Bisnis.com, JAKARTA – Penerbitan surat utang korporasi diperkirakan tetap meningkat pada tahun ini, meski tingginya kebutuhan pembiayaan pemerintah melalui penerbitan surat utang negara (SUN) tetap membayangi.
Suhindarto, Kepala Divisi Riset Ekonomi PT Pemeringkat Efek Indonesia (Pefindo), mengatakan bahwa proyeksi meningkatnya penerbitan surat utang korporasi sejalan dengan tren positif yang sudah terlihat sejak awal tahun.
Berdasarkan data Pefindo, total emisi surat utang hingga akhir Maret 2025 telah mencapai Rp46,75 triliun. Jumlah tersebut meningkat signifikan sebesar 77,4% dibandingkan periode yang sama tahun lalu senilai Rp26,35 triliun.
“Secara agregat, kami melihat tren penerbitan tahun ini justru berpotensi lebih tinggi dari tahun lalu,” tuturnya dalam konferensi pers, Selasa (15/4/2025).
Proyeksi ini seiring tingginya kebutuhan refinancing pada 2025. Pasalnya, jatuh tempo obligasi tahun ini diperkirakan mencapai Rp161,21 triliun karena sebagian besar surat utang berasal dari penerbitan tenor pendek yang kini memasuki masa pelunasan.
Di sisi lain, Pefindo turut mencermati potensi tekanan imbal hasil atau yield akibat meningkatnya suplai SUN. Hal ini dikarenakan pemerintah tengah menghadapi defisit anggaran lebih besar, serta nilai jatuh tempo SUN yang meningkat.
Baca Juga
“Dalam kondisi seperti ini, walau permintaan tetap tinggi, tekanan dari sisi suplai bisa menahan penurunan yield lebih lanjut,” ujar Suhindarto.
Pefindo memproyeksikan penerbitan surat utang korporasi 2025 akan berada di kisaran Rp139,29 triliun hingga Rp155,43 triliun dengan titik tengah Rp143,92 triliun.

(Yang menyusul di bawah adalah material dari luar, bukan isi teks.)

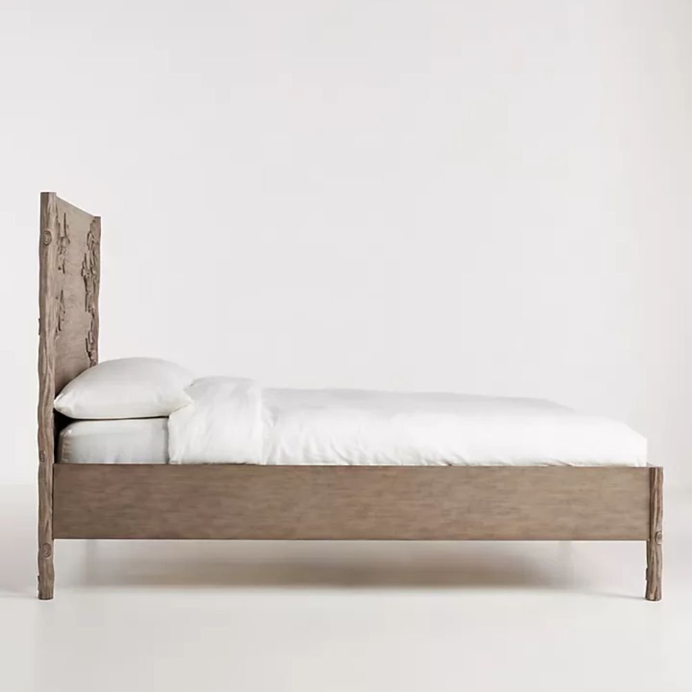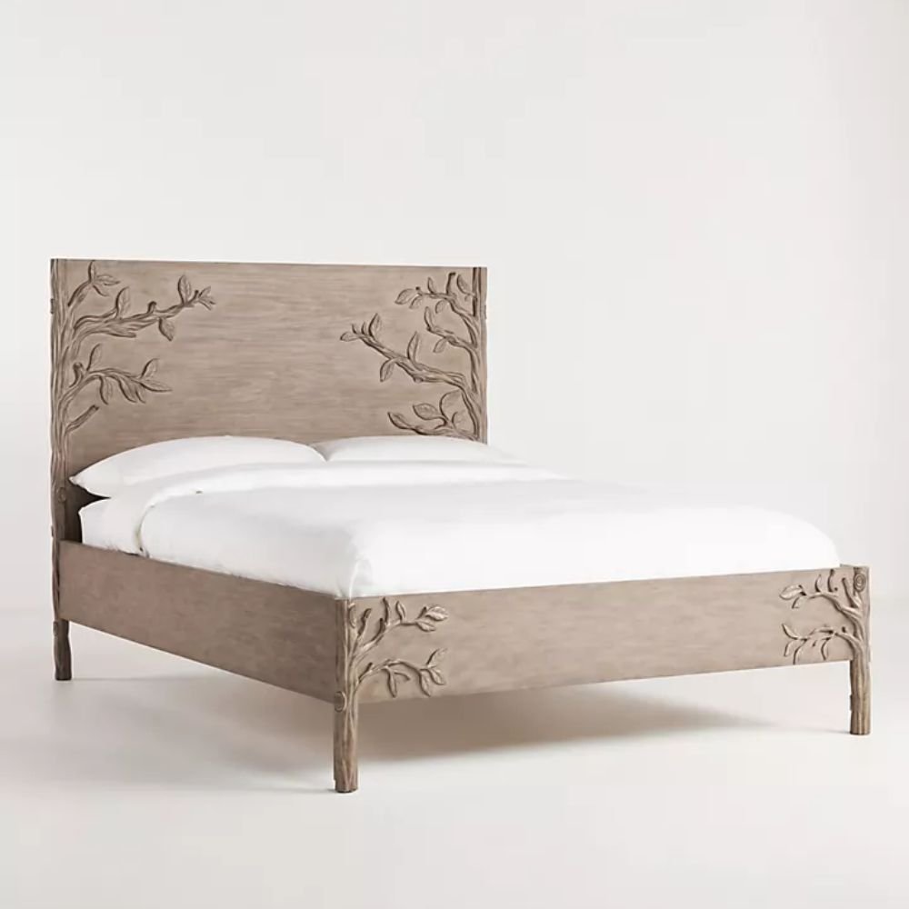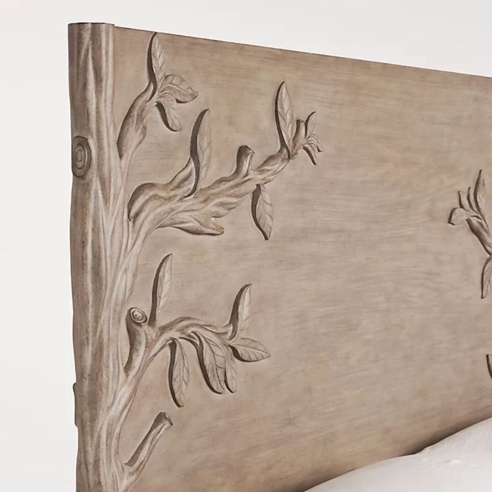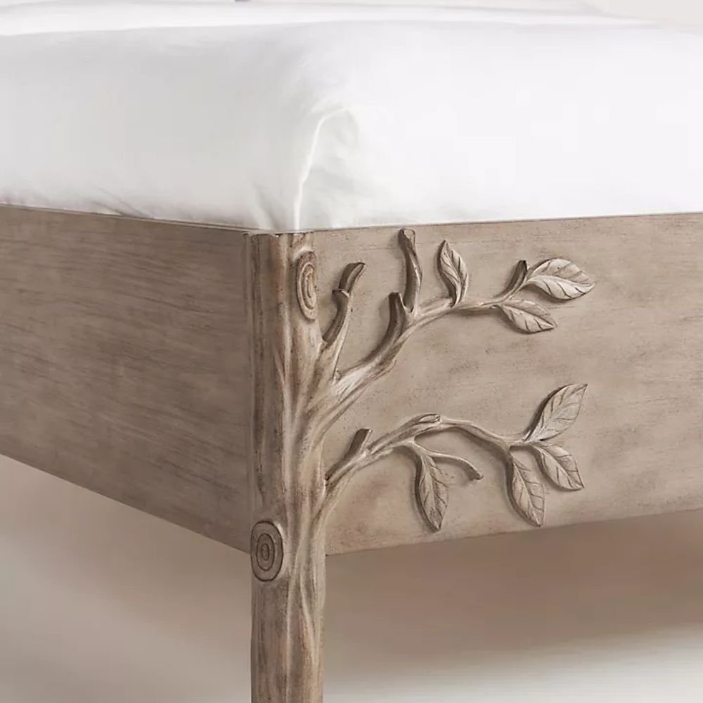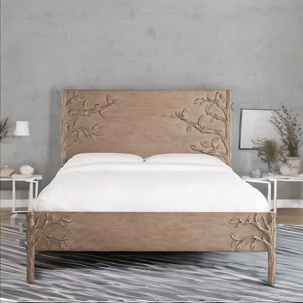 Hand-Carved Artistry: Features unique floral branch motifs carved into the headboard and footboard for an artisanal touch.

Hingga akhir Maret 2025, Pefindo mencatat nilai mandat pemeringkatan yang belum listing mencapai Rp74,46 triliun, atau menandakan pipeline penerbitan masih kuat.
Sektor multifinance dan perbankan menjadi penyumbang terbesar, dengan masing-masing mencatat mandat sebesar Rp14,8 triliun dan Rp12,6 triliun.
Sementara itu, dalam konteks ketidakpastian global, Suhindarto menyatakan bahwa investor akan semakin selektif dan cenderung mengalihkan portofolionya ke instrumen yang lebih aman, seperti obligasi korporasi dan surat utang negara.
“Dalam kondisi pasar saham yang tidak kondusif, investor cenderung akan mengalihkan aset mereka ke instrumen pendapatan tetap seperti obligasi pemerintah atau obligasi korporasi,” pungkasnya.